A Day After a Portrait of Pence in Danger, Trump Attacks Him Again
A day after the House committee investigating the Jan. 6 assault illustrated the serious danger that rioters posed to Mike Pence, former President Donald J. Trump unleashed a new attack on the man who had served him as vice president, criticizing him for refusing to interfere with the Electoral College certification of the 2020 presidential contest.
Speaking on Friday afternoon before a faith-based group, Mr. Trump said that “Mike did not have the courage to act” in trying to unilaterally reject the Electoral College votes that were being cast for Joseph R. Biden Jr.
On Thursday, the House panel demonstrated that Mr. Trump and his advisers were told repeatedly that Mr. Pence had no power to block the certification and that doing so would violate the law, but pressed him to try anyway.
The committee also used witnesses to dismantle and debunk Mr. Trump’s false claims of widespread election fraud — arguments that he repeated in his keynote speech on Friday at the Faith and Freedom Coalition conference in Nashville.
Mr. Trump has grown angry watching the hearings, knowing that he lacks a bully pulpit from which to respond, according to his advisers. He used much of his Friday address to repeat his false election claims and to denigrate Mr. Pence.
The Themes of the Jan. 6 House Committee Hearings
- Making a Case Against Trump: The committee appears to be laying out a road map for prosecutors to indict former President Donald J. Trump. But the path to any trial is uncertain.
- Day One: During the first hearing, the panel presented a gripping story with a sprawling cast of characters, but only three main players: Mr. Trump, the Proud Boys and a Capitol Police officer.
- Day Two: In its second hearing, the committee showed how Mr. Trump ignored aides and advisers in declaring victory prematurely and relentlessly pressing claims of fraud he was told were wrong.
- Day Three: Mr. Trump pressured Vice President Mike Pence to go along with a plan to overturn his loss even after he was told it was illegal, according to testimony laid out by the panel during the third hearing.
Most striking was the context for the attack on Mr. Pence, whose presence on the presidential ticket in 2016 was critical to reassuring evangelical voters that Mr. Trump, a thrice-married New York real estate developer whose first divorce was tabloid fodder for months and who had supported abortion rights, had become sufficiently conservative on social issues.

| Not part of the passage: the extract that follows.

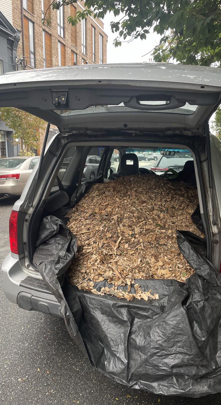 A Honda Pilot full of mulch from the Fairmount Organic Recycling Center

Mr. Pence, who often talks about his religious faith, is a favorite among the kind of voters attending the conference. But that did not stop Mr. Trump from denouncing him from the stage on Friday.
After repeating claims about election fraud that have been widely debunked, including by his former attorney general, William P. Barr, Mr. Trump turned his sights on Mr. Pence.
First, he insisted that he had not called Mr. Pence a “wimp” in a phone call with the vice president on the morning of Jan. 6, 2021, even though Mr. Trump’s former aide Nick Luna had testified under penalty of perjury about such a comment. “I don’t even know who these people are,” Mr. Trump told the crowd.
“I never called Mike Pence a wimp,” said Mr. Trump, whose daughter Ivanka was present for the call and later told her chief of staff that Mr. Trump had effectively called Mr. Pence a coward, using a vulgarity. Then, Mr. Trump went on to describe Mr. Pence as weak.
“Mike Pence had a chance to be great. He had a chance to be, frankly, historic,” the former president said. “But just like Bill Barr and the rest of these weak people,” he said, Mr. Pence “did not have the courage to act.” The comment was met with applause.
Mr. Trump continued to mock Mr. Pence, whose aides testified that he had told Mr. Trump repeatedly that he did not have the power to dismiss Mr. Biden’s Electoral College victory or declare a 10-day recess in the congressional session to send the votes back to states to be re-examined.
“Mike Pence had absolutely no choice but to be a human conveyor belt,” Mr. Trump said.
Mr. Trump also mischaracterized the 1801 certification of Thomas Jefferson’s presidential victory — a process that Jefferson, then the vice president, oversaw — to argue that Mr. Pence should have used that model to keep Mr. Trump in office.
“I said to Mike, ‘If you do this, you can be Thomas Jefferson,’” Mr. Trump said. “And then after it all went down, I looked at him one day and I said, ‘Mike, I hate to say this, but you’re not Thomas Jefferson.’”
Marc Short, Mr. Pence’s former chief of staff, said this conversation never happened. Mr. Short did not comment more broadly on Mr. Trump’s speech.
Mr. Trump also complained that the House committee had edited videos of his former aides’ testimony so that they were not played in full context. He appeared to be referring indirectly to testimony by his daughter Ivanka, whose remarks have been used against her father in two hearings.
Speaking of the mob that left his speech at the Ellipse on Jan. 6 and swarmed the Capitol, Mr. Trump remained defensive. “It was a simple protest,” he said. “It got out of hand.”